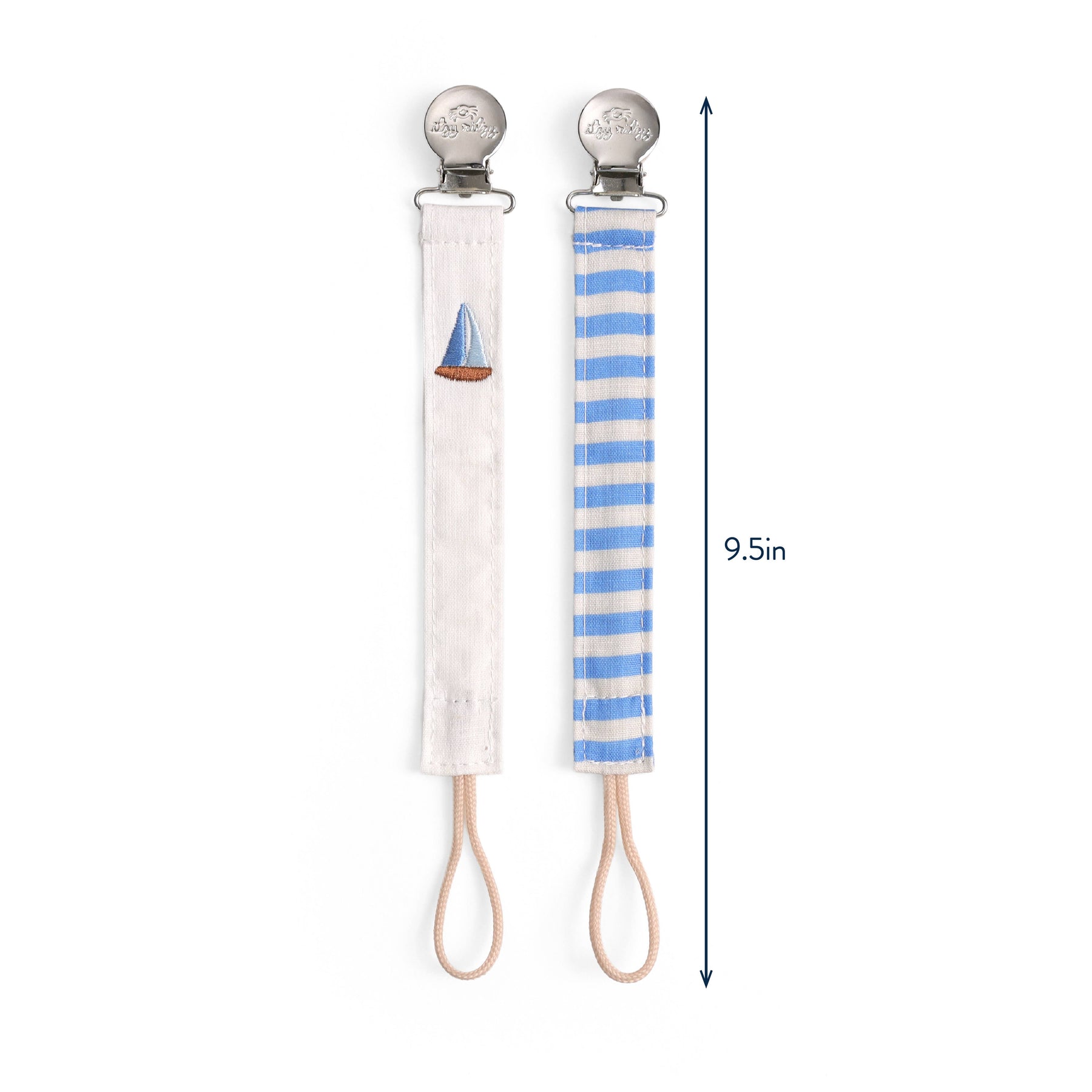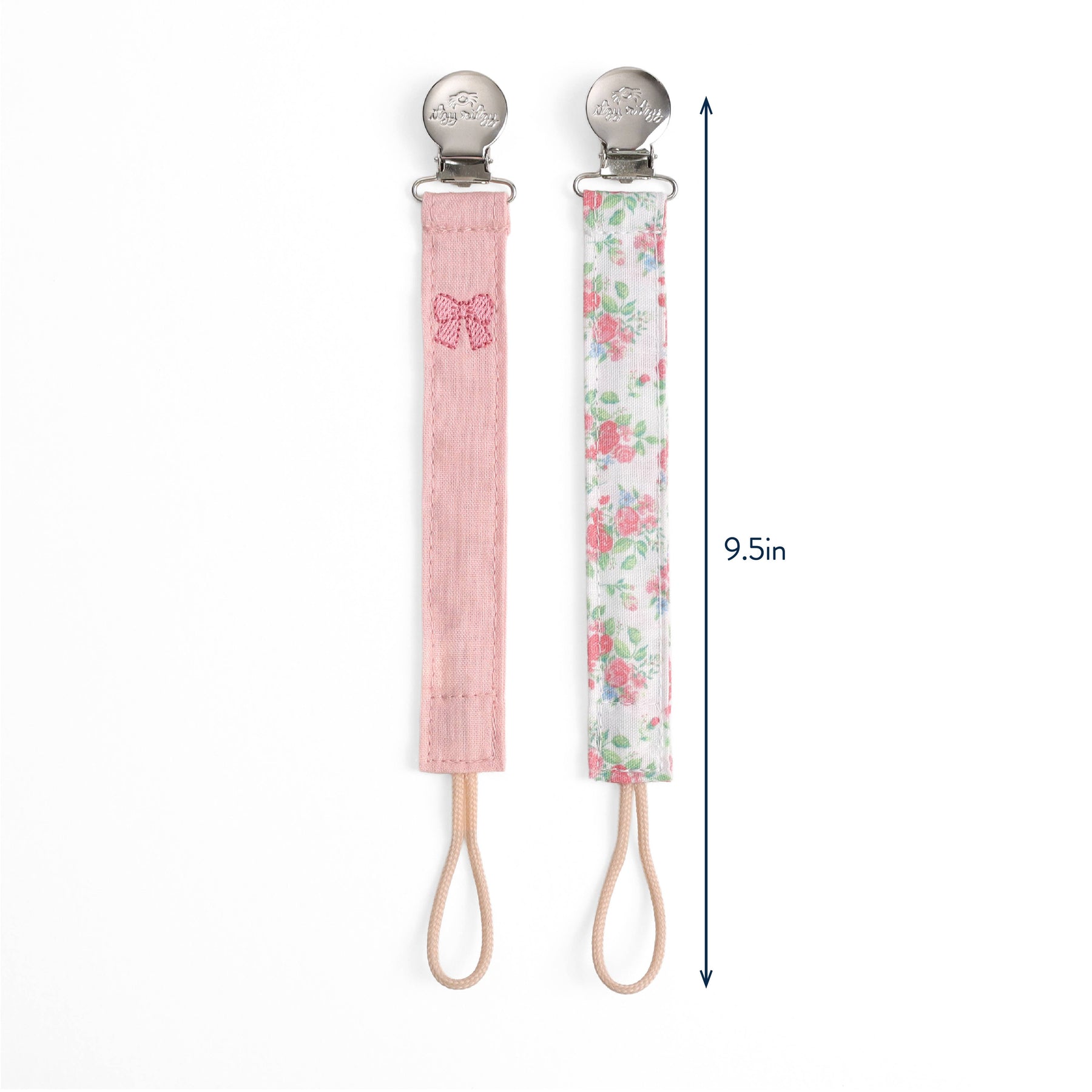 Holds pacis close! Say goodbye to lost pacifiers! The Itzy Clip pacifier strap is thoughtfully tailored to gently attach to baby’s clothing while keeping pacifiers easily in view, clean, and always accessible. With an elevated fabric design and signature hardware, these pacifier straps match and mingle with all of baby’s adorable outfits. Features: - 2-pack pacifier straps with universal attachment clip - Loop works for pacifiers, small toys, and teethers - Attaches to all fabrics safely and without damage
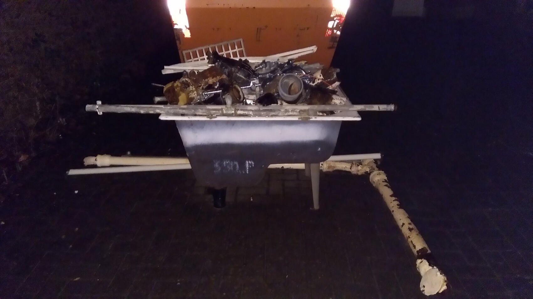 Passend ein Zettel für kostenlose Schrottabholung im Briefkasten gehabt. Kein Problem, den Kellerabfall möchte in nicht im Kofferraum haben und die Wanne ist weg:
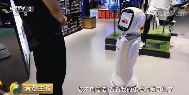 当记者说想逛逛无人店的时候,旺宝主动当起了导购。它跟记者保持着一致的步伐,不时地与记者进行攀谈,当听说记者想看耐克的足球鞋时,旺宝竟然说:"您不用走远,看看我的小脸蛋就可以啦。"随即旺宝的屏幕上就显示出多款相关产品供选择,等记者有进一步兴趣时,旺宝即将他带到了商品展示区,让用户现场试用。
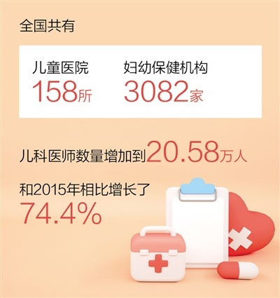 本報(bào)北京6月2日電 (記者白劍峰)記者日前從國家衛(wèi)生健康委新聞發(fā)布會(huì)上獲悉:我國兒童健康水平持續(xù)提升。目前,全國共有兒童醫(yī)院158所,婦幼保健機(jī)構(gòu)3082家。全國每千名兒童床位數(shù)達(dá)到了2.7張,和2015年相比增加了0.27張。全國兒科醫(yī)師數(shù)量增加到20.58萬人,和2015年相比,增長(zhǎng)了74.4%。
★ ★ ★ ★ ★
Task to carry out: Everything above should be given again exactly, apart from the pictures.

Answer section:
 Holds pacis close! Say goodbye to lost pacifiers! The Itzy Clip pacifier strap is thoughtfully tailored to gently attach to baby’s clothing while keeping pacifiers easily in view, clean, and always accessible. With an elevated fabric design and signature hardware, these pacifier straps match and mingle with all of baby’s adorable outfits. Features: - 2-pack pacifier straps with universal attachment clip - Loop works for pacifiers, small toys, and teethers - Attaches to all fabrics safely and without damage
 Passend ein Zettel für kostenlose Schrottabholung im Briefkasten gehabt. Kein Problem, den Kellerabfall möchte in nicht im Kofferraum haben und die Wanne ist weg:
 当记者说想逛逛无人店的时候,旺宝主动当起了导购。它跟记者保持着一致的步伐,不时地与记者进行攀谈,当听说记者想看耐克的足球鞋时,旺宝竟然说:"您不用走远,看看我的小脸蛋就可以啦。"随即旺宝的屏幕上就显示出多款相关产品供选择,等记者有进一步兴趣时,旺宝即将他带到了商品展示区,让用户现场试用。
 本報(bào)北京6月2日電 (記者白劍峰)記者日前從國家衛(wèi)生健康委新聞發(fā)布會(huì)上獲悉:我國兒童健康水平持續(xù)提升。目前,全國共有兒童醫(yī)院158所,婦幼保健機(jī)構(gòu)3082家。全國每千名兒童床位數(shù)達(dá)到了2.7張,和2015年相比增加了0.27張。全國兒科醫(yī)師數(shù)量增加到20.58萬人,和2015年相比,增長(zhǎng)了74.4%。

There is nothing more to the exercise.